Пятьсот девятый знал – еще несколько минут, и свет доберется до следующей затертой надписи: «Напишите Лее Зандере, Нью-Йорк», – дальше, неразборчиво, название улицы, потом «Оте…» – и, перескочив прогнившую щепку, «…умер. Найдите Лео». Видимо, Лео каким-то образом удалось ускользнуть. Но все равно автор надписи старался зря. Ни один из обитателей барака не сможет ничего сообщить Лее Зандере в Нью-Йорк. Просто ни один не выйдет отсюда живым.
Пятьсот девятый невидящим взглядом продолжал смотреть на стену. Поляк Зильбер, когда умирал здесь с кишечным кровотечением, назвал ее стеной плача. Он, кстати, большинство имен на стене знал наизусть и вначале, покуда находились желающие, на спор угадывал, какое имя следующим высветит солнечное пятно. Вскоре Зильбер умер, а вот письмена по ясным дням все еще пробуждались на несколько минут к своей призрачной жизни, чтобы потом снова сгинуть во тьме. Летом, когда солнце стояло выше, на свет появлялись другие имена, те, что начертаны пониже, зимой же прямоугольник перемещался почти под потолком. А сколько еще русских, польских, еврейских имен оставалось в полной безвестности, ибо свет не добирался до них никогда! Барак устанавливали в такой спешке, что эсэсовцы даже не подумали обстругать или хотя бы закрасить стены. Обитателей барака, впрочем, надписи тоже занимали мало, особенно те, что оказались в темных углах. Эти даже и разбирать никто не пытался. Да и кому, спрашивается, взбредет в голову изводить драгоценную спичку только ради того, чтобы еще больше впасть в отчаяние.

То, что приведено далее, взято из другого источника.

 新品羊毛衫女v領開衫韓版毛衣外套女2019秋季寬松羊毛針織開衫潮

Пятьсот девятый отвернулся – не было сил больше на это смотреть. Странно, он вдруг ощутил какое-то особое одиночество, словно все вокруг почему-то отдалились от него и перестали его понимать. Минуту-другую он колебался, потом не выдержал. Почти на ощупь добрался до двери и снова выполз на улицу.
На нем теперь были только его собственные лохмотья, он мгновенно замерз. За порогом он встал, выпрямился и, прислонившись к стене барака, посмотрел на город. Почему-то – он и сам не знал почему – не хотелось больше ползать на четвереньках, хотелось стоять. Сторожевые вышки вокруг Малого лагеря все еще пустовали. Впрочем, охрана в этой части зоны никогда не отличалась особым рвением, что и понятно: кто едва ползает, тот не сбежит.

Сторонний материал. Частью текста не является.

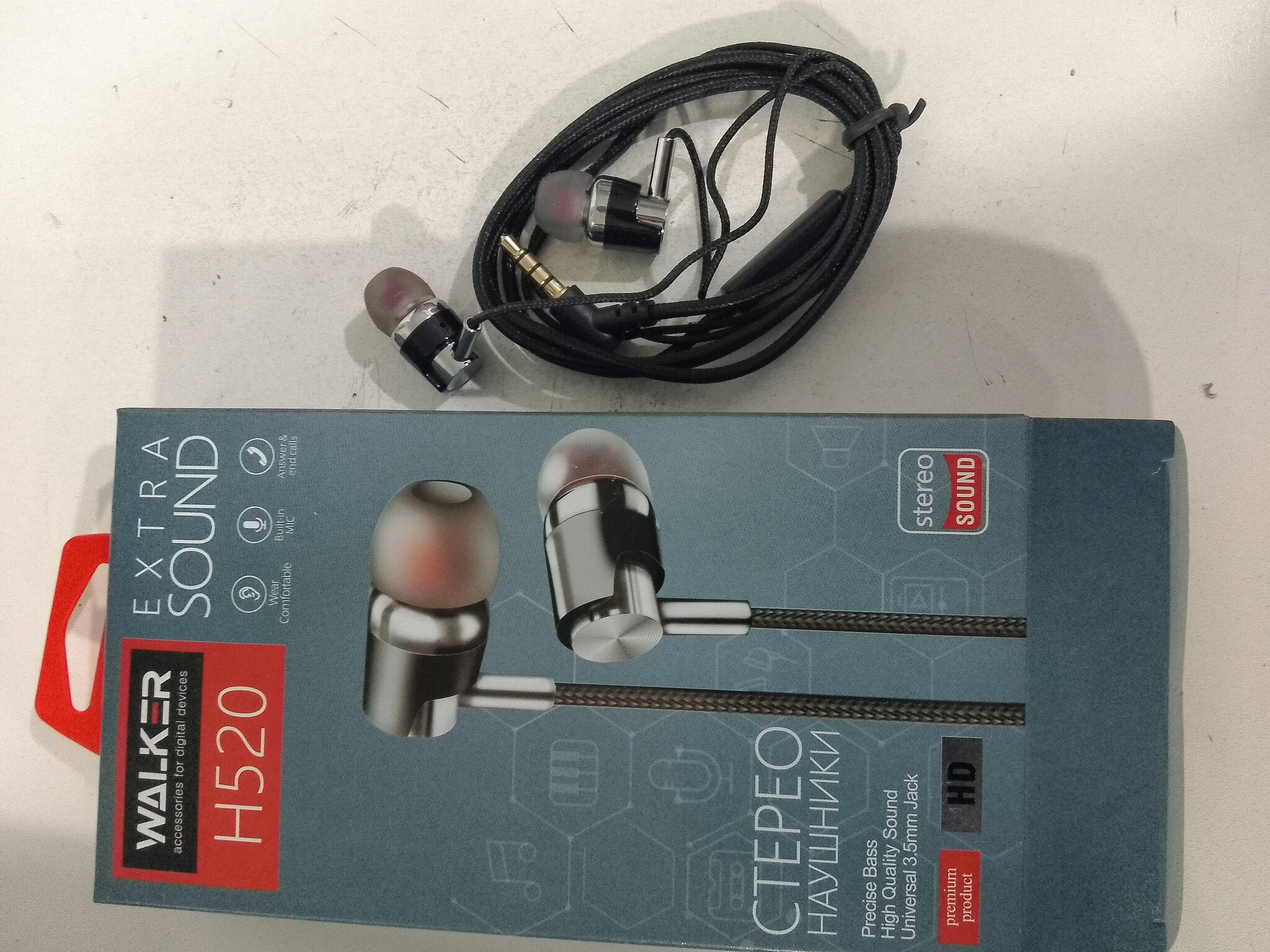 Наушники с микрофоном внутриканальные WALKER H520 с угловым штекером, тканевые

Пятьсот девятый стоял у правого угла барака. Лагерь расположился у подножия холмистой гряды как бы по дуге, так что отсюда хорошо просматривался не только город, но и эсэсовские казармы. Они аккуратным рядком выстроились по ту сторону колючей проволоки, за деревьями, но деревья в эту пору еще стоят без листьев. Было хорошо видно, как мечутся там эсэсовцы, перебегая от дома к дому. Другие, сбившись в кучки, взволнованно смотрели на город и что-то обсуждали. Из-под горы выскочил длинный серый лимузин. Он подкатил к домику коменданта, что расположен чуть на отшибе, и остановился. Сам Нойбауэр уже ждал на крыльце, тотчас сел в машину, и та рванула с места. Еще по рабочему лагерю пятьсот девятый знал, что у коменданта в городе свой дом, где и обитает его семейство. Поэтому он пристально следил, куда же так торопится серый автомобиль. И так увлекся, что не расслышал чьих-то тихих шагов по дорожке между бараками. Это был староста двадцать второго барака Хандке, приземистый коренастый мужичонка с вкрадчивой кошачьей походкой. Он носил зеленую нашивку уголовника. Трезвый он был безобиден, но во хмелю становился просто бешеным и уже многих изувечил.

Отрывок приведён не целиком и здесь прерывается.